* WHAT YOU NEED TO DO *
When a record holds a picture, leave the picture out and copy everything else exactly.
*** Begin section ***
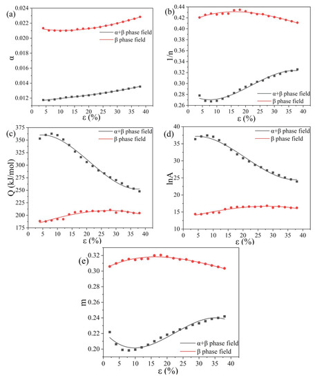 In Figure 8a, when the strain rose, the α value showed an overall upward trend. The α value differed widely in the two-phase regions. As shown in Figure 8b, the value of n increased and then decreased, and the peak value was about 4 in the α+β phase region. At the beginning of thermal deformation, the value of n rose rapidly, due to grain boundary sliding. With the increase of strain, the dislocation viscous slip mechanism gradually occupied a dominant position. In the β phase area, the value of n is always between 2.25 and 2.45. The grain boundary movement and dislocation sticking-slip mechanism played a significant role in the microstructure [32,33].
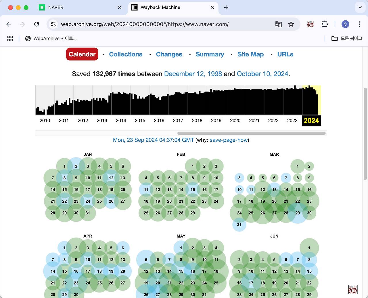 현재 접속한 사이트에 대한 웹어치브 히스토리 정보 보여주기
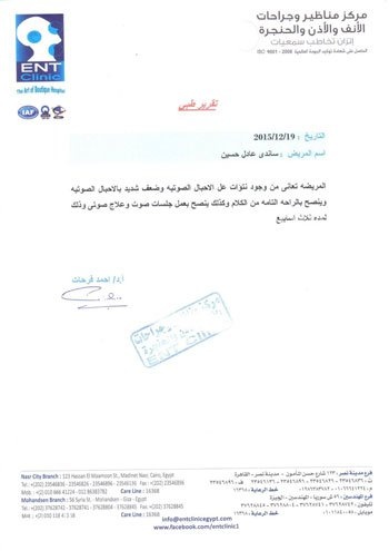 وقال محمد عادل شقيقها إن شقيقته تعاني من نتوءات على الأحبال الصوتية وضعف شديد بالأحبال الصوتية كما أنها تعاني من التهاب مزمن في المعدة مع ارتجاع بالمريء مما يتطلب عمل فحوصات ومنظار معدة ومرىء لتشخيص الحالة بدقة وهو ما أجبرها على السفر لألمانيا لعمل تلك الفحوصات.
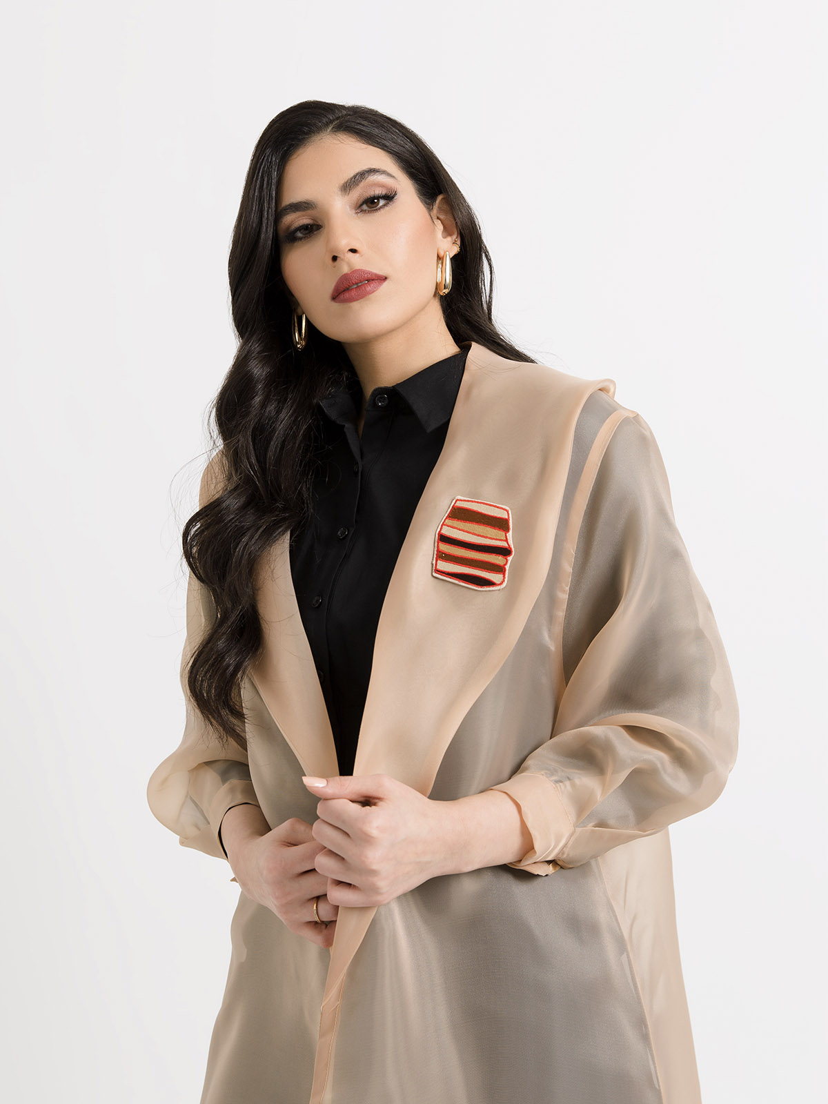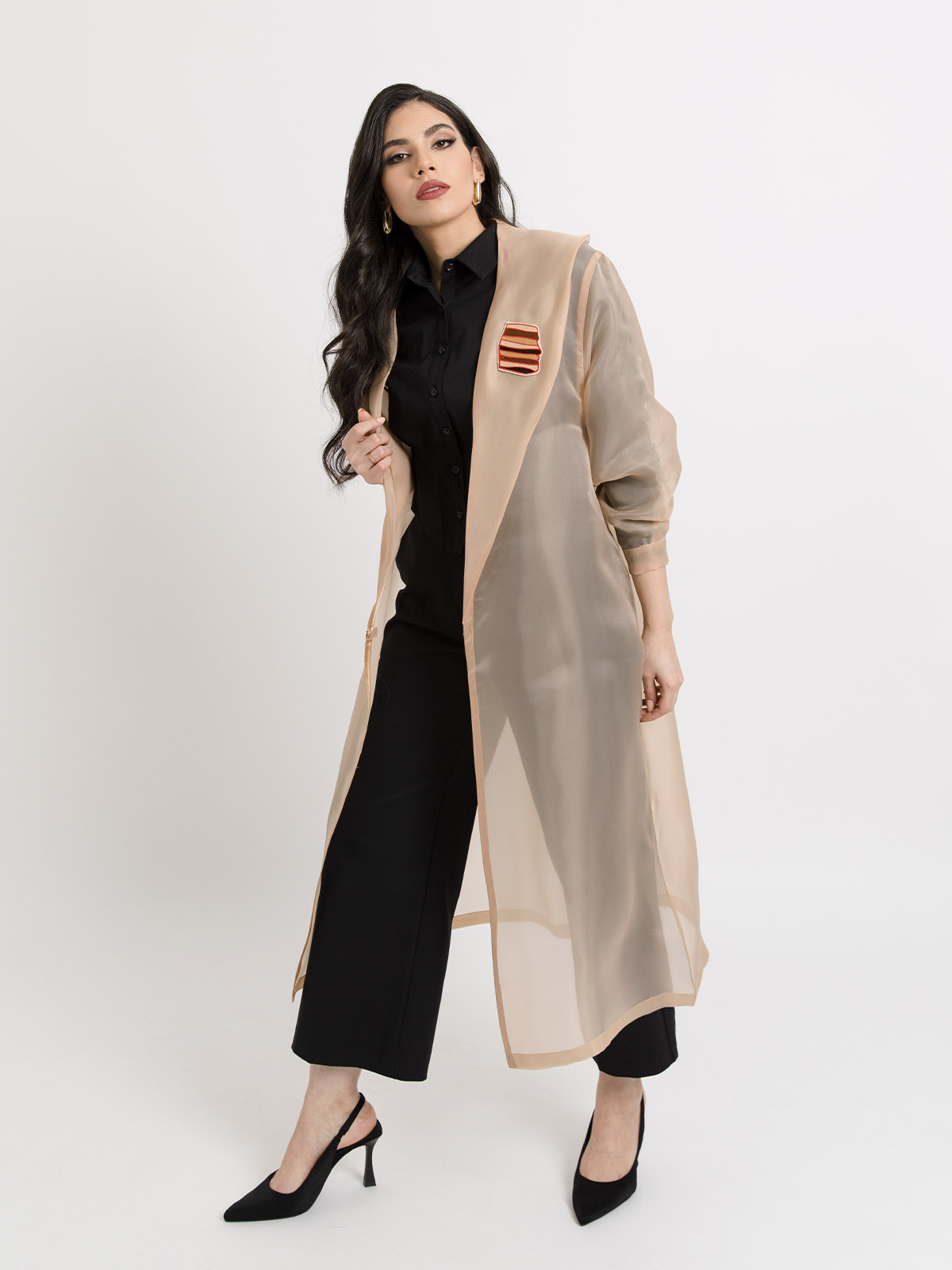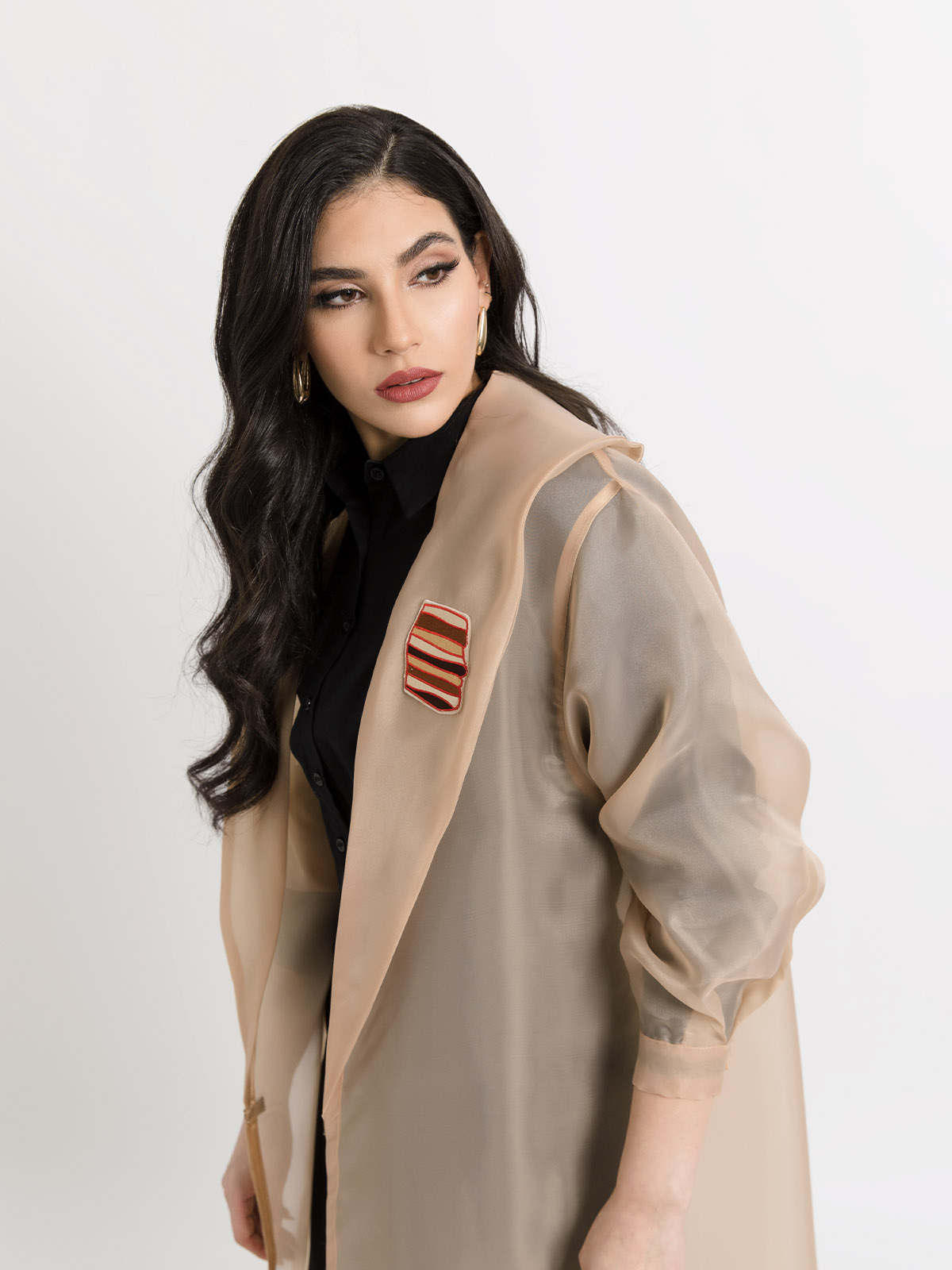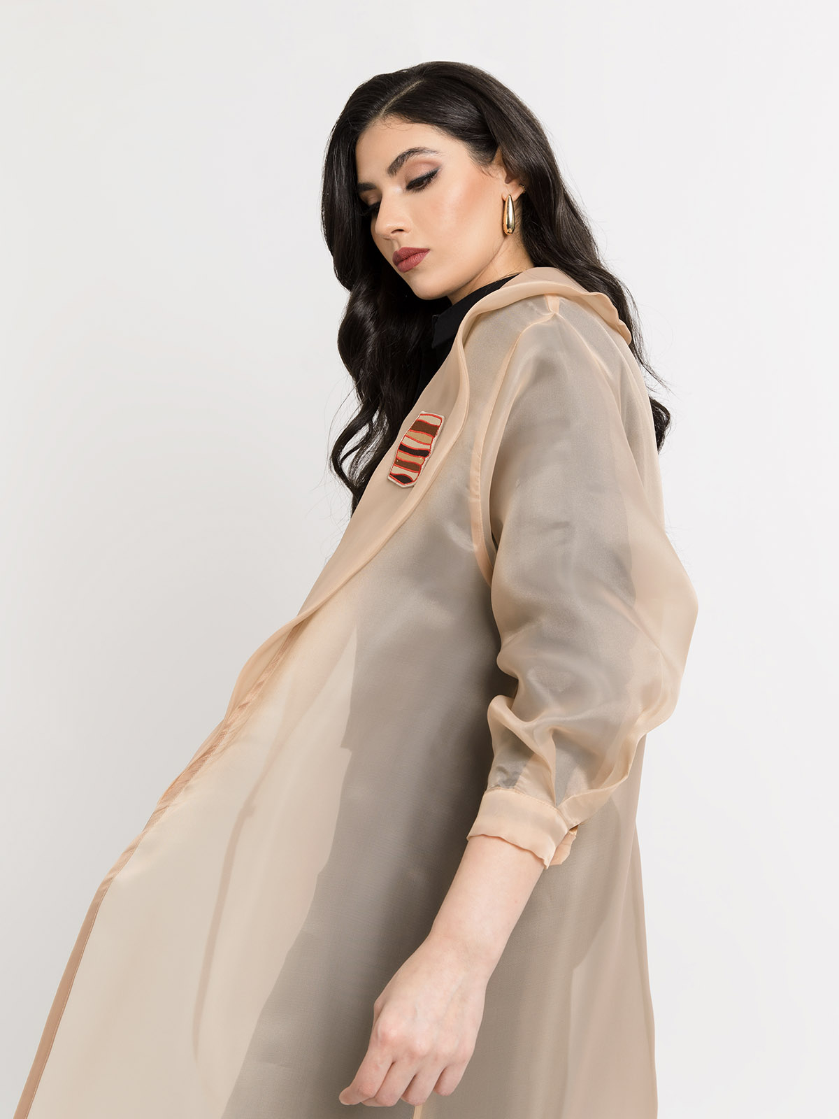 Roqee - Beige Sheer Coat with Uloo Embroidery
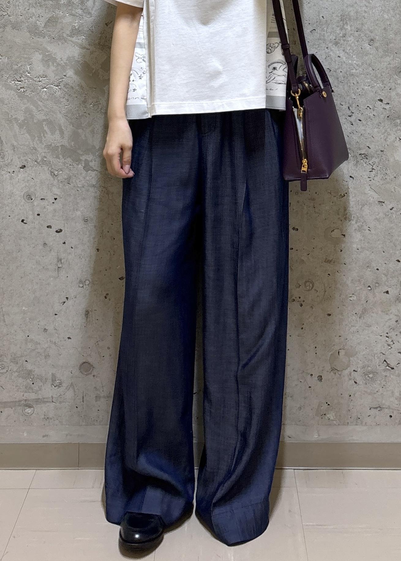 キレイ目なデニム調。薄手のサラッとした手触りでほぼシワも付きにくく、裏地なしなので夏でも快適に着られます。
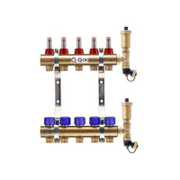 Rozdzielacz do ogrzewania podłogowego QIK BASIC II TN 5-obieg. mosiądz GW 1'' x GZ 3/4'' + przepływomierz
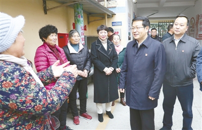11月25日,市委書(shū)記蒿慧杰在二針家屬院小區(qū)調(diào)研新時(shí)代文明實(shí)踐點(diǎn)建設(shè)情況,并與居民親切交談。記者 王慶建 攝
*** End section ***
* THE COMPLETED TASK *
 In Figure 8a, when the strain rose, the α value showed an overall upward trend. The α value differed widely in the two-phase regions. As shown in Figure 8b, the value of n increased and then decreased, and the peak value was about 4 in the α+β phase region. At the beginning of thermal deformation, the value of n rose rapidly, due to grain boundary sliding. With the increase of strain, the dislocation viscous slip mechanism gradually occupied a dominant position. In the β phase area, the value of n is always between 2.25 and 2.45. The grain boundary movement and dislocation sticking-slip mechanism played a significant role in the microstructure [32,33].
 현재 접속한 사이트에 대한 웹어치브 히스토리 정보 보여주기
 وقال محمد عادل شقيقها إن شقيقته تعاني من نتوءات على الأحبال الصوتية وضعف شديد بالأحبال الصوتية كما أنها تعاني من التهاب مزمن في المعدة مع ارتجاع بالمريء مما يتطلب عمل فحوصات ومنظار معدة ومرىء لتشخيص الحالة بدقة وهو ما أجبرها على السفر لألمانيا لعمل تلك الفحوصات.
 Roqee - Beige Sheer Coat with Uloo Embroidery
 キレイ目なデニム調。薄手のサラッとした手触りでほぼシワも付きにくく、裏地なしなので夏でも快適に着られます。
 Rozdzielacz do ogrzewania podłogowego QIK BASIC II TN 5-obieg. mosiądz GW 1'' x GZ 3/4'' + przepływomierz
11月25日,市委書(shū)記蒿慧杰在二針家屬院小區(qū)調(diào)研新時(shí)代文明實(shí)踐點(diǎn)建設(shè)情況,并與居民親切交談。記者 王慶建 攝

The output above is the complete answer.